Hi team, need help. I run a participation node on Ubuntu 18.04 LTS. Algorand packages install all OK. Catchpoint update runs really well but then fails almost midway.

Observed following logs in node.log file that could indicate an issue.

{“file”:“bootstrap.go”,“function”:“github.com/algorand/go-algorand/tools/network.ReadFromSRV",“level”:“info”,“line”:43,“msg”:"ReadFromBootstrap: DNS LookupSRV failed when using system resolver: no answer for (_algobootstrap._tcp.mainnet.algorand.network., 33) from DNS servers [127.0.0.53:53]”,“time”:“2021-10-02T11:32:37.516836Z”}

{“event”:“Disconnected”,“file”:“wsNetwork.go”,“function”:“github.com/algorand/go-algorand/network.(*WebsocketNetwork).removePeer”,“level”:“info”,“line”:2211,“local”:“http:”,“messageDelay”:824321043,“msg”:“Peer r-fm.algorand-mainnet.network:4160 disconnected: LeastPerformingPeer”,“name”:"",“remote”:“r-fm.algorand-mainnet.network:4160”,“time”:“2021-10-02T11:28:35.956508Z”}

{“details”:{“Address”:“3.113.22.62”,“HostName”:“b4f47fff-d790-4962-9b48-dc5b1f1342fc”,“Incoming”:false,“InstanceName”:"/LuSXbCIlNr4FswK",“Endpoint”:“r-fm.algorand-mainnet.network:4160”,“MessageDelay”:824321043,“Reason”:“LeastPerformingPeer”},“file”:“telemetry.go”,“function”:“github.com/algorand/go-algorand/logging.(*telemetryState).logTelemetry”,“instanceName”:“2Fe82Qf+0VOaln5A”,“level”:“info”,“line”:259,“msg”:"/Network/DisconnectPeer",“name”:"",“session”:"",“time”:“2021-10-02T11:28:35.956543Z”}

{“file”:“catchpointService.go”,“function”:“github.com/algorand/go-algorand/catchup.(*CatchpointCatchupService).processStageLedgerDownload”,“level”:“warning”,“line”:313,“msg”:“unable to download ledger : context deadline exceeded”,“name”:"",“time”:“2021-10-02T11:20:21.660196Z”}

{“callee”:“github.com/algorand/go-algorand/ledger.(*CatchpointCatchupAccessorImpl).ResetStagingBalances.func1”,“caller”:“github.com/algorand/go-algorand/ledger/catchupaccessor.go:190",“file”:“dbutil.go”,“function”:"github.com/algorand/go-algorand/util/db.(*Accessor).atomic”,“level”:“warning”,“line”:344,“msg”:“dbatomic: tx surpassed expected deadline by 12m13.244978086s”,“name”:"",“readonly”:false,“time”:“2021-10-02T11:32:35.905265Z”}

$ goal node status -w 1000
Last committed block: 26983
Sync Time: 23274.2s
Catchpoint: 16570000#I6A3FR72VGNMBGINWOP5K6AYKTV7ZZUKONYHLBHLWQQSYRN2EPMA
Catchpoint total accounts: 13459624
Catchpoint accounts processed: 261632
Catchpoint accounts verified: 0
Genesis ID: mainnet-v1.0

$ goal version -v -d /var/lib/algorand/
Version: [v1 v2]
GenesisID: mainnet-v1.0
Build: 3.0.1.stable [rel/stable] (commit #b619b940)
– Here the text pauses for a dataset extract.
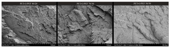 The morphology of PET-G/PEF blends was characterized by scanning electron microscopy (SEM, Hitachi SU-70, Naka, Japan) with an accelerating voltage of 5kV and a working distance of 12 mm. The samples for SEM analysis were cryofractured in liquid nitrogen and subsequently coated (2–5 nm) in a vacuum with a thin gold film before the tests.

Same behavior on Ubuntu 20.04 LTS too.

What kind of disk are you using?

Because of the current TPS, an SSD is required to run a node on Algorand.
Some older SATA SSD may not be fast enough and NVMe SSD may be required.
In any case, a node will not work if your disk is a hard drive or an SD card (even the latest generation of SD cards).
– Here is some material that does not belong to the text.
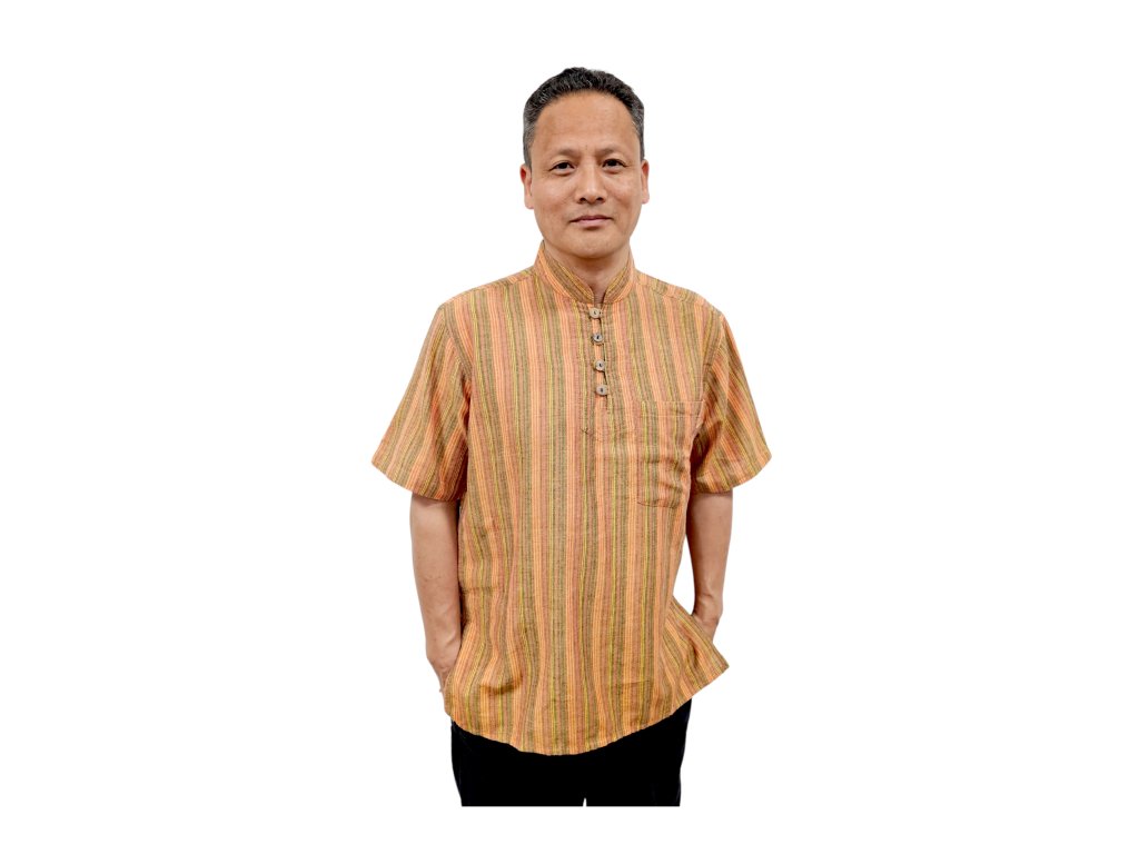 Pánská pruhovaná kurta s krátkým rukávem oranžová

Thank you Fabrice. The host has SATA SSD. However 6 million accounts are processed flawlessly, then no updates for 10 minutes and eventually catchup restarts.

Another thing, AlgoExplorer shows a current TPS of 12-13 which doesn’t look really big. Or am I reading the data wrong? Probably it’s the sync size causing the issue.

If the first 6m of account were going fast, and it stopped afterward, I would think there was some type of a random communication problem.

Do you see this behaviour repeatibly ?

tsachi, yeah happened every time.
I did connectivity tests to internet during freeze such as ping to yahoo, google but no drops seen.

cpu < 2%, memory < 2gb. quite normal. Internet is 50 Mbps. Algod process is active too.

maybe I should do tcpdump too to see which side not responding. Have you seen these drop or DNS logs before?

The DNS logs are not an issue. The “proof” for that is that it was downloading the catchpoint file - which means that is was able to find a relay to download these from.

The accounts writing speed should be (roughly) constant. If it stops it means that something happened…

How long does it takes before the “Catchpoint accounts processed” gets to 6m ? It should be in the order of minutes ( 5-10 ). If it takes notably longer ( i.e. 90 minutes + ), then it probably means that your disk is too slow.

Thanks tsachi, for some reason I only get only 110 Mbps sequential IOPS on my disk and less than 1 Mbps 4K RW. Didn’t realize it was so slow.

I’ll fix it first and then try running the node again.